Furthermore, extended inquiry and analytical procedures were performed by group
oversight management. Management has concluded that the consolidated financial
statements included in this Annual Report on Form 10-K present fairly, the
financial position, results of operations and cash flows of the Company in
accordance with accounting principles generally accepted in the United States of
America.

(B) MANAGEMENT'S REPORT ON INTERNAL CONTROL OVER FINANCIAL REPORTING.

Management's report on the Company's internal control over financial
reporting (as such term is defined in Rules 13a-15(f) and 15d-15(f) under the
Exchange Act) is included in Item 8. Financial Statements and Supplementary Data
of this Report under the heading Management's Report on Internal Control over
Financial Reporting, and the related report of our independent registered public
accounting firm is included under the heading Report of Independent Registered
Public Accounting Firm under the same Item.

(C) CHANGES IN INTERNAL CONTROL OVER FINANCIAL REPORTING.

Other than the events leading to the material weakness and actions taken
thereon, noted in Item 8 under the heading Management's Report on Internal
Control over Financial Reporting and Management's Remediation Plan, there were
no changes in the Company's internal control over financial reporting that
occurred during the last fiscal quarter that have materially affected, or are
reasonably likely to materially affect, the Company's internal control over
financial reporting.

69


ITEM 9B. OTHER INFORMATION.

Not applicable.

PART III

ITEM 10. DIRECTORS AND EXECUTIVE OFFICERS OF THE REGISTRANT.

Certain information regarding executive officers required by this Item is
set forth as a Supplementary Item at the end of Part I hereof (pursuant to
Instruction 3 to Item 401(b) of Regulation S-K).

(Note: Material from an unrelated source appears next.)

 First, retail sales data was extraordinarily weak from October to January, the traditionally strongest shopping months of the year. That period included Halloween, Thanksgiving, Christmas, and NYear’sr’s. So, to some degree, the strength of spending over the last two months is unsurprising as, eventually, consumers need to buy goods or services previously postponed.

The Company's Code of Business
Ethics applies to all employees, officers and directors including the Principal
Executive Officer and Principal Financial Officer and Principal Accounting
Officer, and is posted on the Company's website at www.masco.com. Other
information required by this Item will be contained in the Company's definitive
Proxy Statement for its 2005 Annual Meeting of Stockholders, to be filed on or
before April 28, 2005, and such information is incorporated herein by reference.

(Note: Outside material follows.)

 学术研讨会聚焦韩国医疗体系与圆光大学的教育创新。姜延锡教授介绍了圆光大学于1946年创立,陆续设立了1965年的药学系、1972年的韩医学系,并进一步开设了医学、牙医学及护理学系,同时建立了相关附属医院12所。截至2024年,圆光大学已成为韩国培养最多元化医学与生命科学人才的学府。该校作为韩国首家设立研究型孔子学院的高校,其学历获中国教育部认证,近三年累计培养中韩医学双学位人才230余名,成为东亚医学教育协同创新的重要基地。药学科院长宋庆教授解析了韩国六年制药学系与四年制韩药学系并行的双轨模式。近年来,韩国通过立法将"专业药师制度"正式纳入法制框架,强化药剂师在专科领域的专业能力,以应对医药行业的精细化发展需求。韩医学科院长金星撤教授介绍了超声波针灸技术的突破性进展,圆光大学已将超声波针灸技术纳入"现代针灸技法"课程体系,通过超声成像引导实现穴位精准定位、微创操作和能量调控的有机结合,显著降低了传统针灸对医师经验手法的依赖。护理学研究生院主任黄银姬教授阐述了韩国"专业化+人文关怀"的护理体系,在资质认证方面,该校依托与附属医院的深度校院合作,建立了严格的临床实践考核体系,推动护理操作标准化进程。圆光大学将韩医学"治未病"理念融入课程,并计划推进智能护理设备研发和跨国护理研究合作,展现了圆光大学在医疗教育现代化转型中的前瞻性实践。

ITEM 11. EXECUTIVE COMPENSATION.

Information required by this Item will be contained in the Company's
definitive Proxy Statement for its 2005 Annual Meeting of Stockholders, to be
filed on or before April 28, 2005, and such information is incorporated herein
by reference.

ITEM 12. SECURITY OWNERSHIP OF CERTAIN BENEFICIAL OWNERS AND MANAGEMENT AND
RELATED STOCKHOLDER MATTERS.

EQUITY COMPENSATION PLAN INFORMATION

The Company has two equity compensation plans, the 1991 Long Term Stock
Incentive Plan and the 1997 Non-Employee Directors Stock Plan. The following
table sets forth information as of December 31, 2004 concerning the Company's
two equity compensation plans, both of which were approved by stockholders. The
Company does not have any equity compensation plans that are not approved by
stockholders.



NUMBER OF WEIGHTED NUMBER OF SECURITIES
SECURITIES TO BE AVERAGE PER REMAINING AVAILABLE FOR
ISSUED UPON SHARE EXERCISE FUTURE ISSUANCE UNDER
EXERCISE OF PRICE OF EQUITY COMPENSATION PLANS
OUTSTANDING OUTSTANDING (EXCLUDING SECURITIES
OPTIONS, WARRANTS OPTIONS, WARRANTS REFLECTED IN THE
PLAN CATEGORY AND RIGHTS AND RIGHTS FIRST COLUMN)
------------- ----------------- ----------------- -------------------------

Equity compensation plans approved by
stockholders....................... 25,824,000 $24.51 7,623,000


The remaining information required by this Item will be contained in the
Company's definitive Proxy Statement for its 2005 Annual Meeting of
Stockholders, to be filed on or before April 28, 2005, and such information is
incorporated herein by reference.

ITEM 13. CERTAIN RELATIONSHIPS AND RELATED TRANSACTIONS.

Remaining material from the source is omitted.